34. Chitra VR
Voices of dissent:
Narratives of Gabriel García Márquez and Salman Rushdie
Narratives of Gabriel García Márquez and Salman Rushdie
Abstract
The narratives of both Gabriel García Márquez and Salman
Rushdie draw on cultural narratives to capture the ethos of their age thwarted
by the hegemonic institutions and power structures in their societies. Their
narratives achieve their ends not with a soul-searching call to action but by
quietly generating respect for the imagination that can never be content with
things as they are.
Gabriel García Márquez’s One Hundred Years of
Solitude (1967) and The Autumn of the Patriarch (1975), and
Salman Rushdie’s Midnight’s Children (1981) and Shame (1983) take
as theme the impact of political processes and shifting images on ordinary
people as well as the critical importance of literary imagination for political
inquiry itself.
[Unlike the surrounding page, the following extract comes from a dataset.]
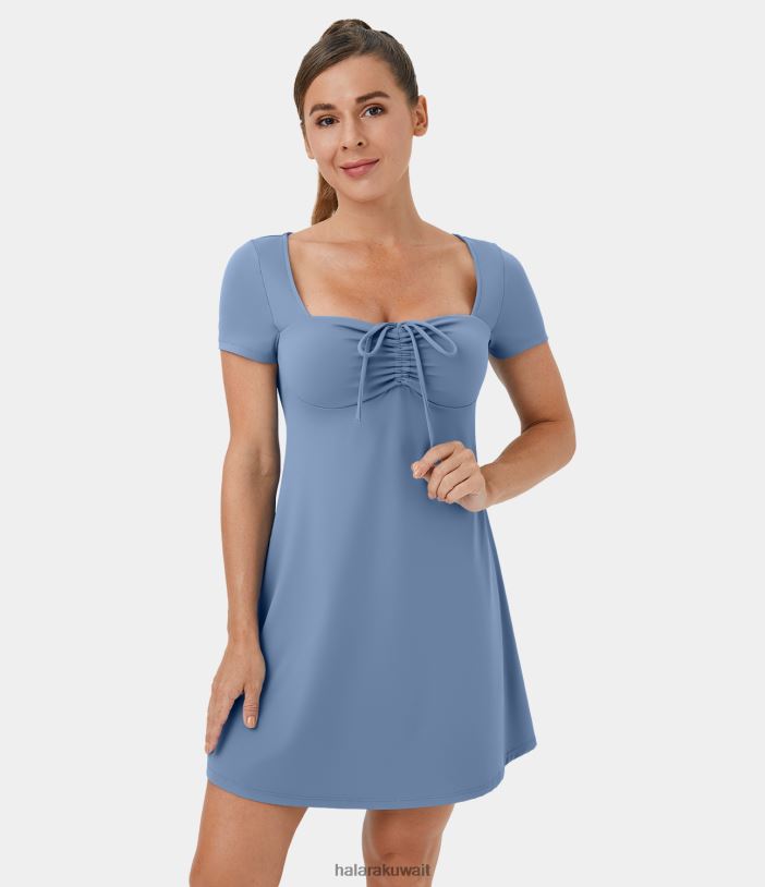 ملابس ما لا نهاية TDP4N1001 نحيف Halara فستان قصير كاجوال مكشكش بأكمام قصيرة

The paper aims at a comparative critical understanding of the
generic configurations of the political novel as revealed in the works of these
two major practitioners of political fiction in Latin America and India,
contemporaries in two different countries. The study also attempts to identify
the basic orientation in the ideological make up of both the writers, essential
principles underlying their treatment of genre and also examines the various
techniques and styles espoused by them thereby entailing a familiarity with
their cultural specificities and mutually enriching cross-fertilization of
ideas.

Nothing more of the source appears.